TASK GOAL> In the data below, locate the line containing "Двери из натурального" and the line containing "Distribution of the", then retype both and everything between them exactly. Pictures are not part of the copy.

MATERIAL SHOWN>
* * *

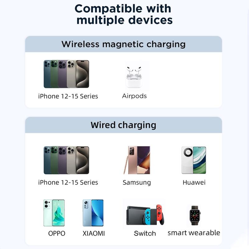 Wordt geleverd met een afneembare kabel, kan drie apparaten opladen met één kabel, inclusief voor Apple/Android apparaten/zelf opladen
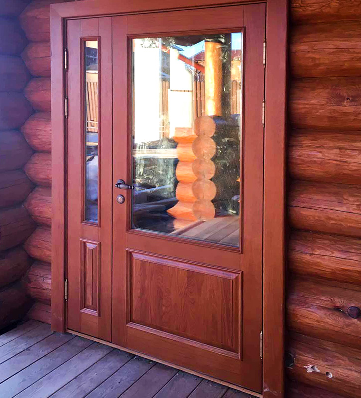 Двери из натурального массива дерева ДМ 17 со стеклянными вставками в классическом стиле. Могут использоваться как межкомнатные или входные, особенно гармонично будут смотреться в проеме выхода на веранду или террасу в бревенчатом доме. У этой модели достаточно лаконичное, сдержанное оформление и приятный коричнево-красный теплый цвет. При изготовлении на заказ ширина может варьироваться в соответствии с архитектурными особенностями проекта.
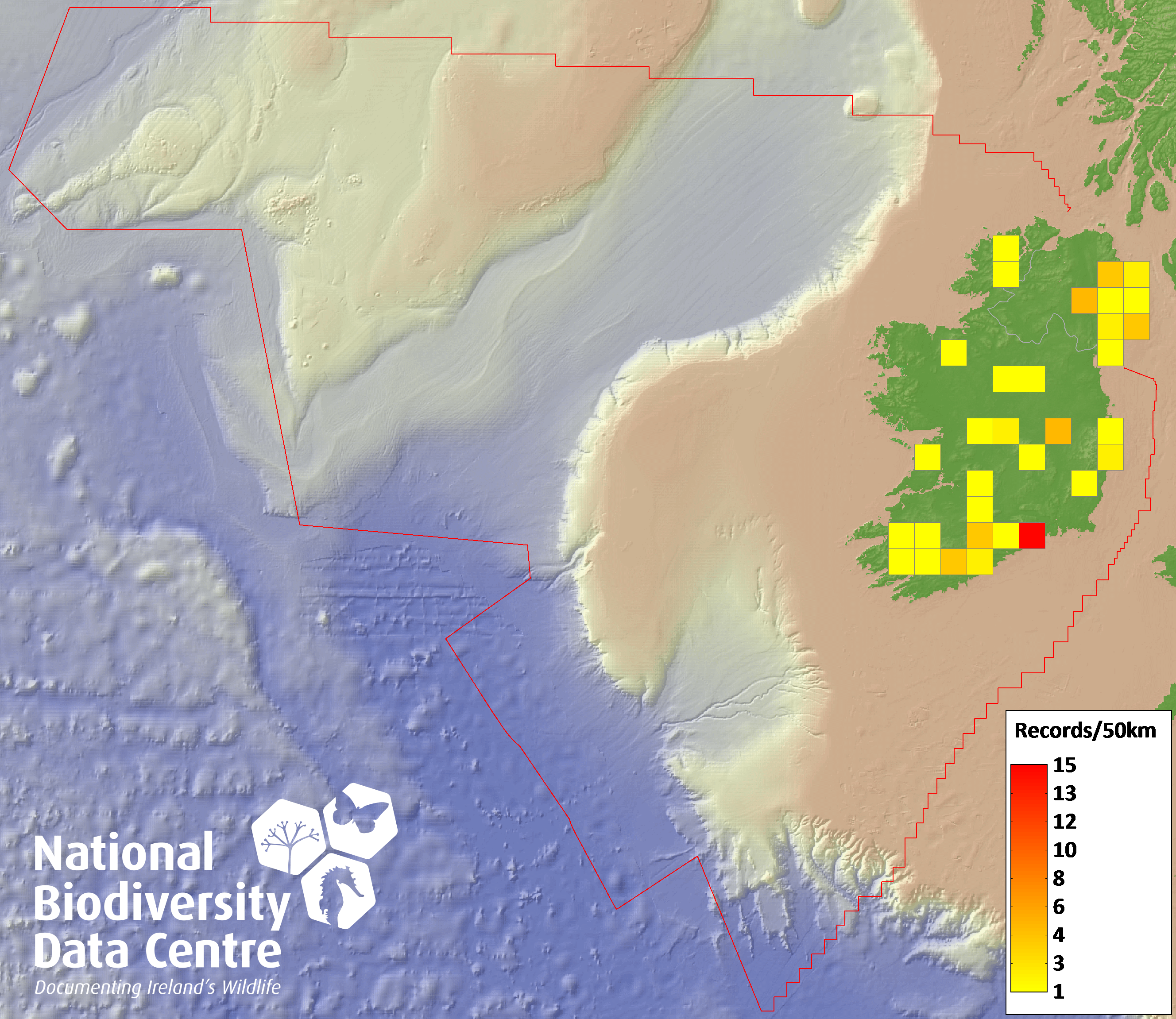 Distribution of the number of records recorded within each 10km grid square (ITM).Marine Map - 50km
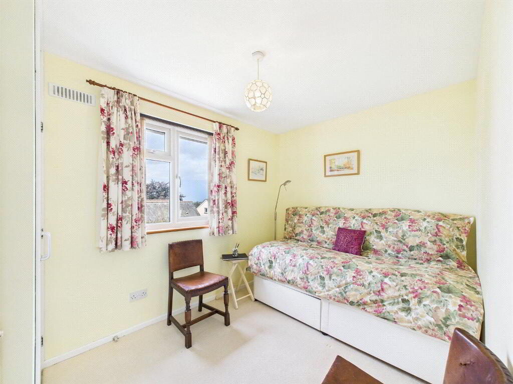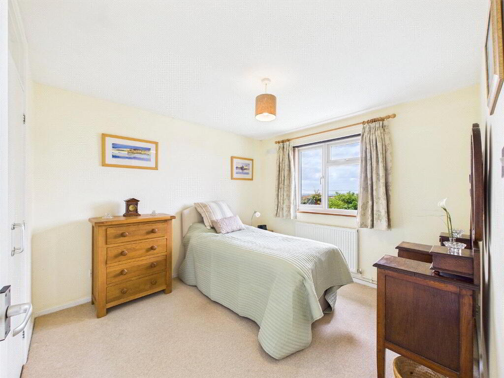 To the rear of the bungalow, a second hallway leads to two comfortable double bedrooms, each benefitting from built-in wardrobes and enjoying delightful views over the rear garden and the rolling Cornish countryside beyond.
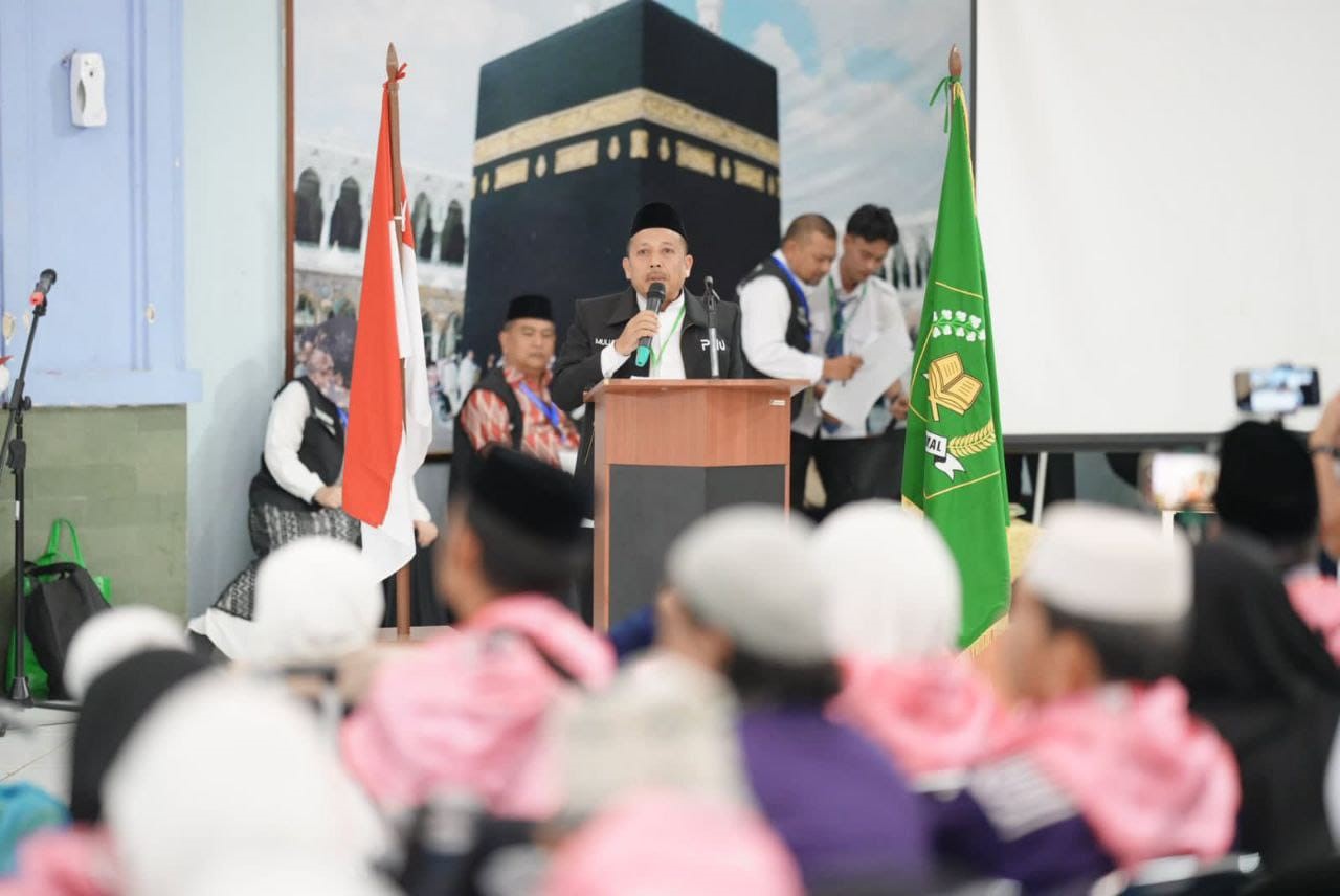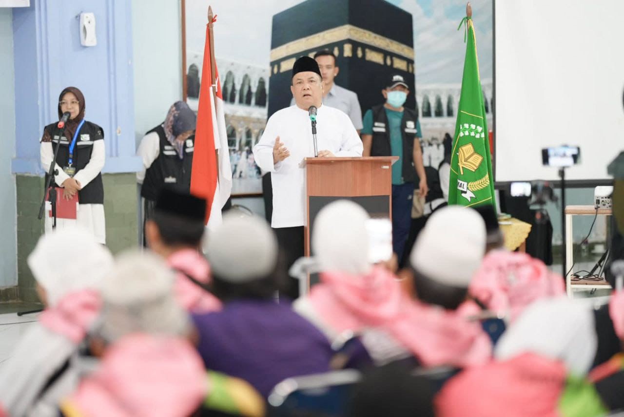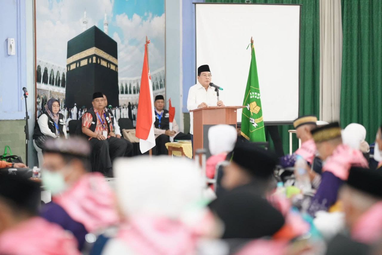 “Mari kita bersyukur karena sudah diberi kesempatan untuk melaksakan ibadah haji. Saya berpesan selama di tanah suci, jangan takabur, ikuti arahan petugas yang ada,” ajaknya.
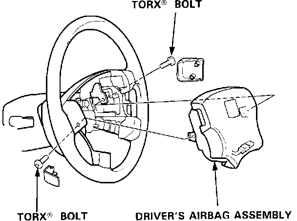 WARNING! Store a removed driver's airbag assembly with the pad surface up. If the airbag is improperly stored face down, accidental deployment could propel the unit with enough force to cause serious injury.CAUTION:

* * *

WORKED SOLUTION>
 Двери из натурального массива дерева ДМ 17 со стеклянными вставками в классическом стиле. Могут использоваться как межкомнатные или входные, особенно гармонично будут смотреться в проеме выхода на веранду или террасу в бревенчатом доме. У этой модели достаточно лаконичное, сдержанное оформление и приятный коричнево-красный теплый цвет. При изготовлении на заказ ширина может варьироваться в соответствии с архитектурными особенностями проекта.
 Distribution of the number of records recorded within each 10km grid square (ITM).Marine Map - 50km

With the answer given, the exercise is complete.